お姉ちゃんの機嫌が悪い時、お父さんはたまに私とお姉ちゃんとモモちゃんを正座させて話をする。
『うちは貧乏ではない。だから堂々としてなさい。
給食費は払ってるし家賃も払ってる。水道光熱費はたまに払い忘れる時もあるけれど支払っている。税金も払ってる。町内会費も払ってるし班長さんも回って来たらきちんとこなす。コミ捨て場のカラスも追い払ってる。
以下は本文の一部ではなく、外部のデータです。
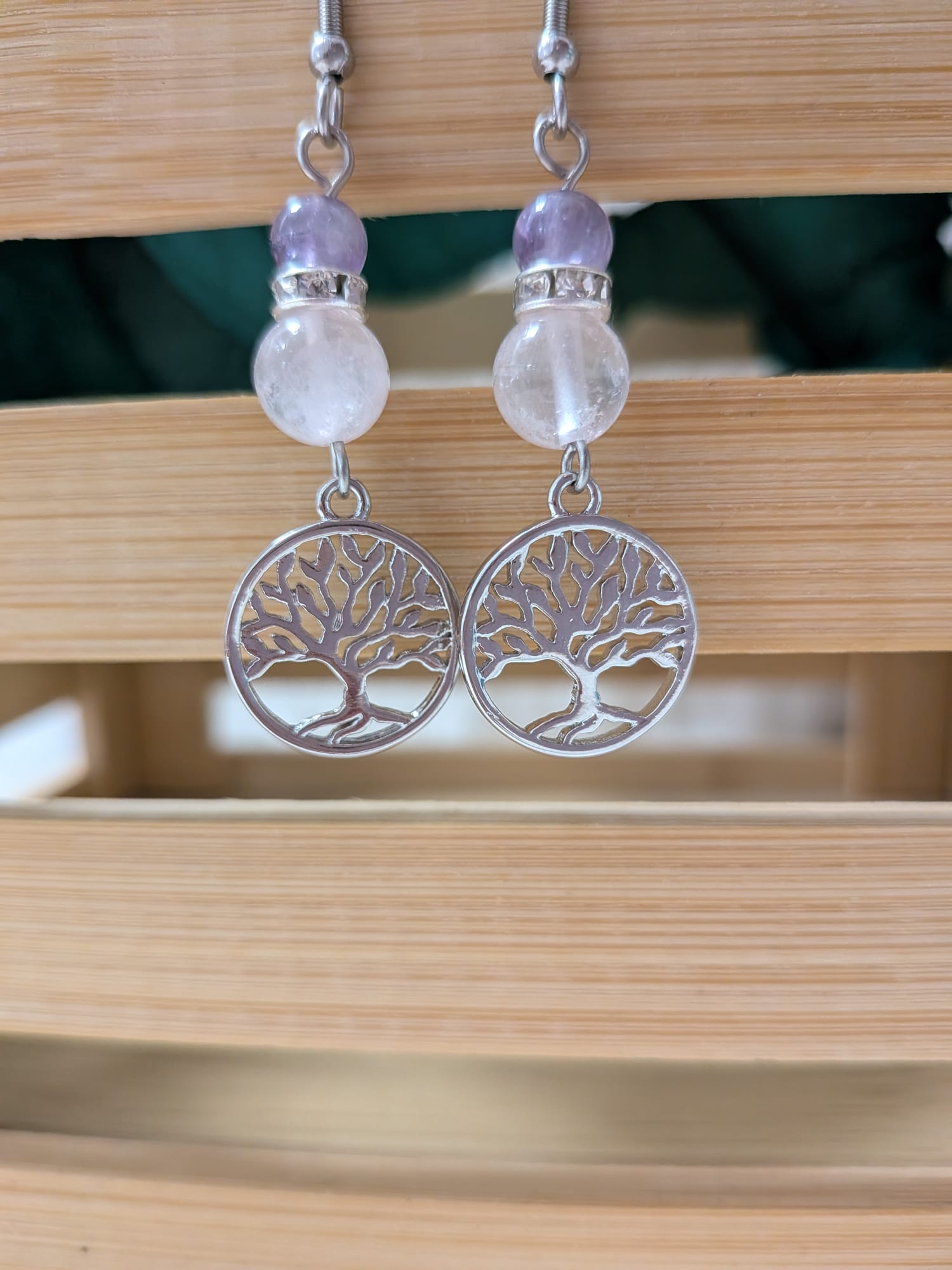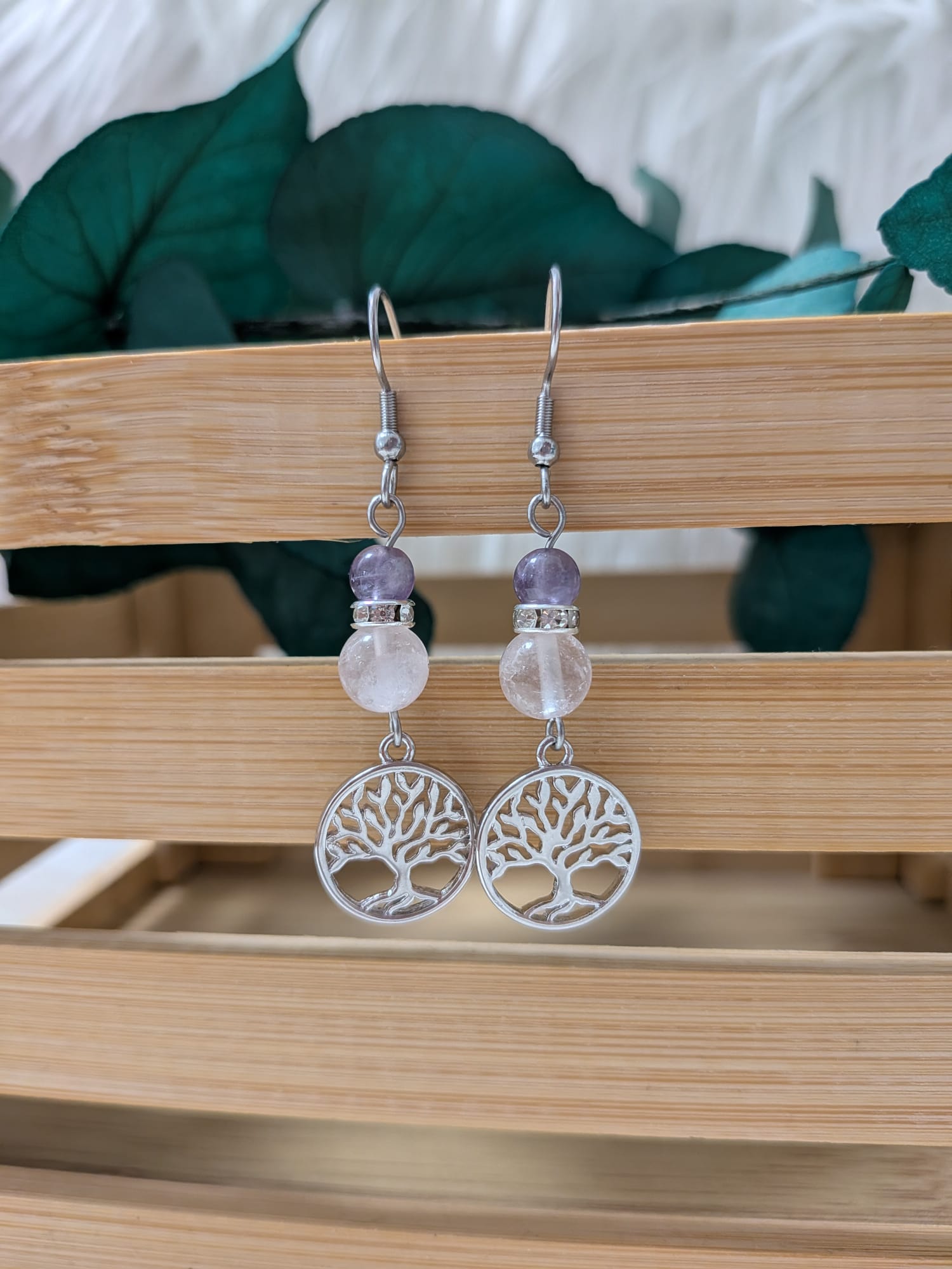 Ces boucles d’oreilles associent l’énergie apaisante de l’Améthyste à la douceur du Quartz rose, sublimées par un arbre de vie en laiton, symbole universel d’équilibre, de croissance et d’ancrage.
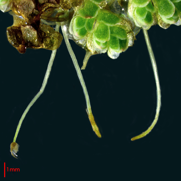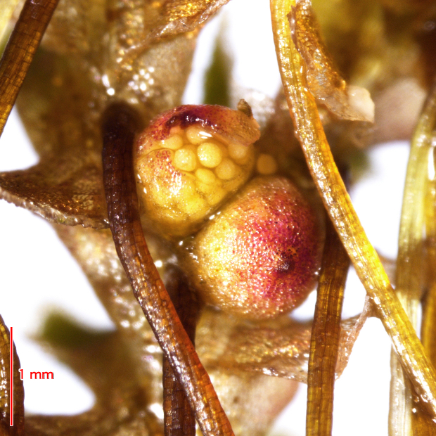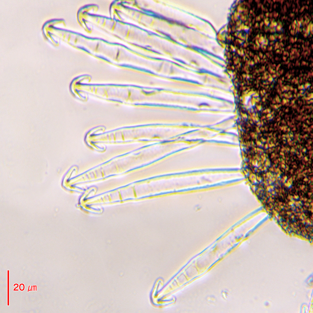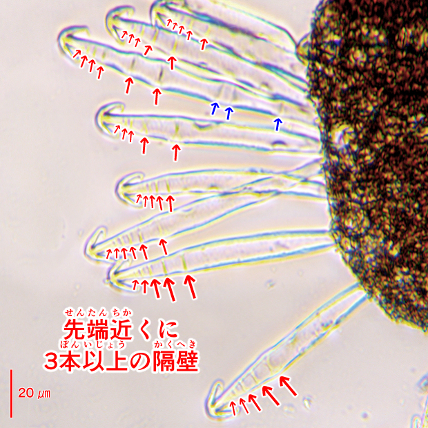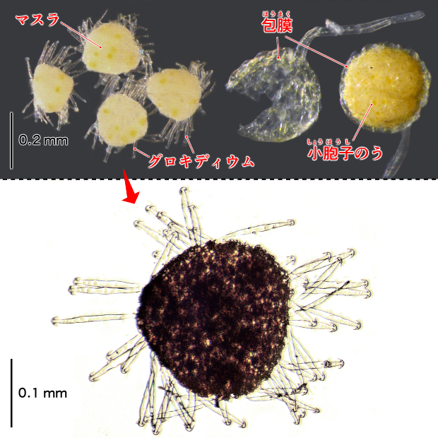 論文でも示されている、 DNA以外では最も信頼できる特徴。 胞子のう果にできる球状体(マスラ)につく錨状の突起をグロキディウムといいます。 このグロキディウム内部にある仕切り(隔壁)の本数と位置が種類によって違い、 但馬型は先端近くに3本以上できます。 対してニシノオオアカウキクサでは隔壁がないか、 まれに先端近くに1~2本しか見られません。 アメリカオオアカウキクサは全体に多数の隔壁をもつ傾向があります。 この識別法の最大の問題点は、 オオアカウキクサ類が胞子のう果をあまり作らず、 観察が難しいところにあります。

服は優しい人達が『くれる』というから、ありがたくもらっている。貧乏ではないけど節約はしている。ジュースより手作り麦茶が愛情と栄養に溢れている。主食と副食で生きていける。本は図書館で読み放題で買うより場所を取らない。お風呂だって毎日入ってる。何が不満なんだい?』
優しい声でお父さんは私達に言うので、私達は黙ってしまう。
お姉ちゃんは言いたいことがいっぱいあるけれど、お父さんにそう言われると何も言えなくなってしまう。
私達は優しくて面白いお父さんが大好きだった。
頭のいいお姉ちゃんなら、もしかしたらお父さんに勝てたかもしれないけれど、お姉ちゃんはわかっていたのかな。
世の中には金持ちとそうじゃない人達がいて
私達はそうじゃない人達だけど、それを言ってもどうにもならないから、たまに叫んで終わらせている。だから、あきらめていたのかもしれない。
かもしれないばかりだけれど、そんな生活を送っていた。
つまり美鈴ちゃんの家はお金持ちで私の家は貧乏だから、正反対である。
そして意地悪な美鈴ちゃんの噂だけでも怖い私は、一緒のクラスになって大ショック。このままスーッとすれ違って、知らん顔で終わって欲しかったのだけど、そうはならなかった。